Kurz vor dem Weihnachtsfest gab die GDL das Ergebnis einer Urabstimmung unter ihren Mitgliedern bekannt: Etwa 97 Prozent der Teilnehmenden sprachen sich dafür aus, dass die GDL im Rahmen des Tarifstreits mit der Deutschen Bahn auch unbefristete Streiks durchführen darf. Daraufhin kam es vom 10. bis zum 12. Januar zu weiteren Streiks bei der Bahn. Nun steht ein neuer Streik bevor. Die zentrale Frage dabei ist: Welche konkreten Forderungen stellt die GDL an die Deutsche Bahn in diesem Tarifkonflikt?

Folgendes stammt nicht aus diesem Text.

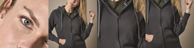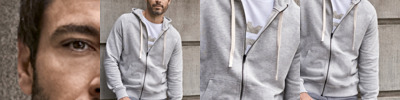 70% ringspun cotton/30% polyester. Brushed back fleece.Raglan sleeves.Fitted style.Two panel lined hood.Contrast striped drawcord with branded eyelets.Full length zip.Front pouch pockets.Ribbed cuffs and hem with elastane.
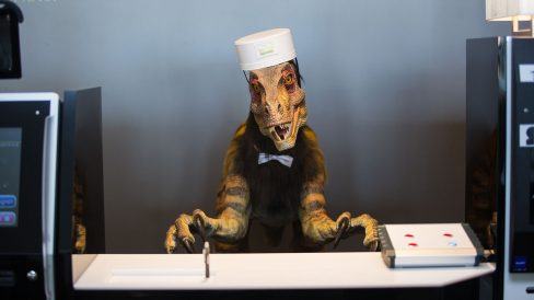 Você pode escolher entre uma assustadora recepcionista “humana” ou um simpático velociraptor para fazer seu check-in
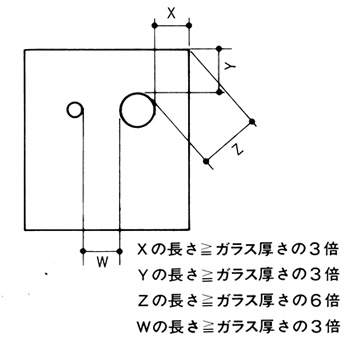 エグリ丸穴の直径は、ガラスの厚さ以上とするのが一応の目安です。
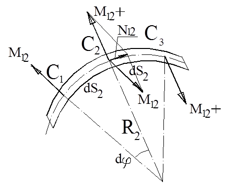Рассмотрим сечение оболочки «с торца», в котором точки С1, С2, С3 находятся на расстояниях dS2 друг от друга. На участке С1 С2 действует крутящий момент  М12, на участке С2 С3 момент М12 + ∂М12/∂s2×ds2. И тот, и другой моменты представим парами сил, приложенных к соответствующим участкам оболочки.
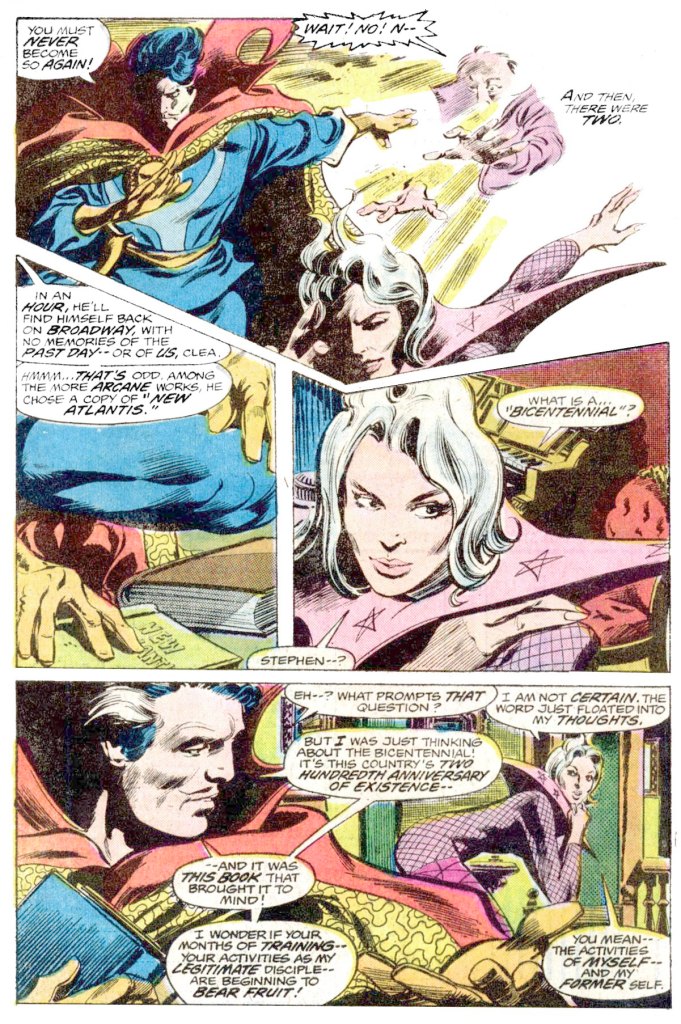 The story opens on a bit of a dogleg, cleaning up a dangling subplot from prior issues. Strange is in pursuit of James Mandarin, who had petitioned to become Strange’s disciple and was rejected. In the absence of the Master of the Mystic Arts, mandarin was able to purloin some mystic texts from Strange’s library, and the Sorcerer Supreme wants them back. Strange and Clea corner the fleeing Mandarin on the streets of New Jersey, and zap him back instantly to the Sanctum Sanctorum, where the Doctor can reclaim his property. Strange off-handedly mind-wipes Mandarin and casts him away–but he’s disquieted by the fact that Clea asks him about the Bicentennial while he’s paging through one of the stolen books, relating to New Atlantis.
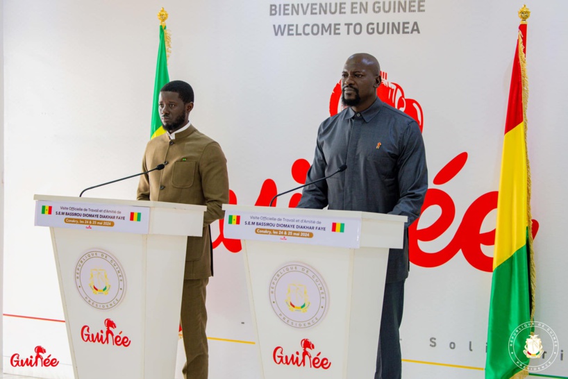 « À l’invitation de son frère et ami, Son Excellence le général de corps d’Armée Mamadi Doumbouya, président de la République de Guinée, le chef de l’Etat, Son Excellence Monsieur Bassirou Diomaye Diakhar Faye, président de la République du Sénégal à la tête d’une importante délégation, a effectué une visite de travail et d’amitié à Conakry, du 24 au 25 mai 2024. Cette visite s’inscrit dans le cadre du renforcement des relations traditionnelles d’amitié et de coopération qui existent entre les deux pays », rapporte le communiqué conjoint parvenu à PressAfrik.
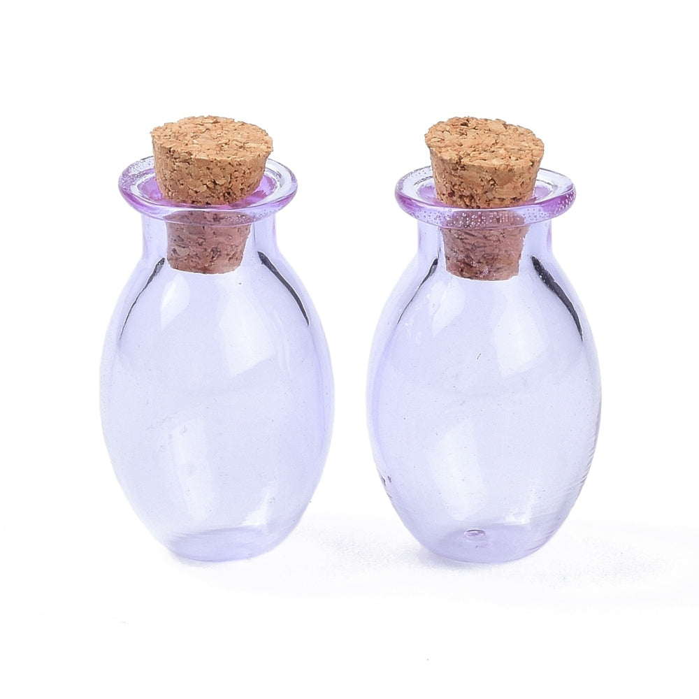 10 pcs Oval Glass Cork Bottles Ornament, Glass Empty Wishing Bottles, DIY Vials for Pendant Decorations, Lilac, 15.5x26~30mm
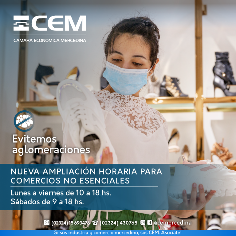 La Cámara Económica Mercedina, a través de su presidente Mario Dimaro, su vicepresidente Oscar Pontón y su gerente Ariel Pietrucha, presentó la propuesta del nuevo horario con la anuencia del Sindicato de Empleados de Comercio. Propuesta que fue aceptada por la Municipalidad y por el resto de las instituciones que integran el Comité de Crisis, a quienes la CEM agradece ya que esta ampliación en la atención del cliente evitará mucho más las aglomeraciones en los comercios y veredas donde se forman colas.
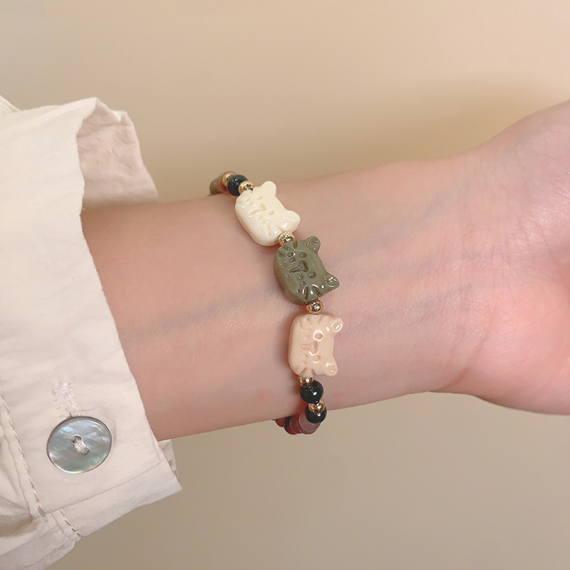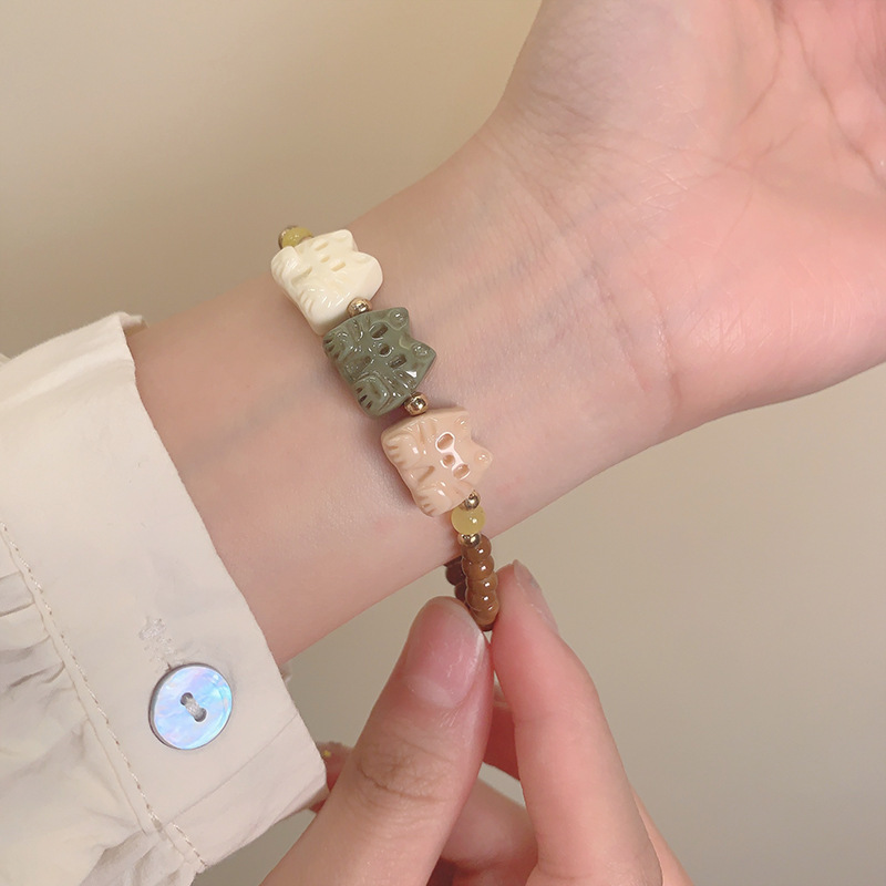 three-color surprise cat beaded bracelet

Dies ist die Kernforderung


Im Zentrum der Forderungen der Gewerkschaft Deutscher Lokomotivführer (GDL) steht die Reduzierung der Arbeitszeit für Beschäftigte in Schichtdiensten. Die GDL verlangt eine Verringerung der Wochenarbeitszeit von 38 auf 35 Stunden, ohne dabei eine Kürzung des Lohns in Kauf zu nehmen. Lange Zeit zeigte sich die Deutsche Bahn in dieser Angelegenheit nicht kompromissbereit. Anfang Januar allerdings näherte sich das Unternehmen mit einem ersten Vorschlag der Gewerkschaft an, der jedoch von der GDL als unzureichend bewertet wurde.


In der Folge präsentierte die Bahn ein alternatives Modell zur Arbeitszeitgestaltung. Laut DB-Personalvorstand Martin Seiler sollen Mitarbeiter ab dem 1. Januar 2026 die Möglichkeit haben, ihre Wochenarbeitszeit bei vollem Gehalt um eine Stunde auf 37 Stunden zu reduzieren. Wer sich gegen diese Option entscheidet, soll stattdessen einen Lohnaufschlag von 2,7 Prozent erhalten. Dieses Angebot gilt speziell für Lokführerinnen, Lokführer und Zugpersonal.


Des Weiteren schlägt die Bahn eine Lohnerhöhung von 4,8 Prozent ab August und weitere 5 Prozent ab April 2025 vor. Außerdem ist geplant, die Inflationsausgleichsprämie direkt nach Abschluss des Tarifvertrags auszuzahlen. Der vorgeschlagene Tarifvertrag soll eine Laufzeit von 32 Monaten haben.


Wann wird gestreikt?


Die Gewerkschaft Deutscher Lokomotivführer (GDL) hat zum Streik aufgerufen, der von Mittwoch, dem 24. Januar, ab 2:00 Uhr morgens, bis Montag, dem 29. Januar, bis 18:00 Uhr stattfinden wird. Bereits ab Dienstag, dem 23. Januar, ab 18:00 Uhr, wird der Güterverkehr bestreikt.


Früher hatte Claus Weselsky, der Vorsitzende der GDL, erklärt, dass die Gewerkschaft den Beginn eines Streiks immer mit einem Vorlauf von mindestens 48 Stunden ankündigen und die Dauer der Arbeitsniederlegungen auf höchstens fünf Tage begrenzen würde. Dieses Mal weicht die GDL jedoch von dieser Linie ab, da der bevorstehende Streik insgesamt sechs Tage andauern wird.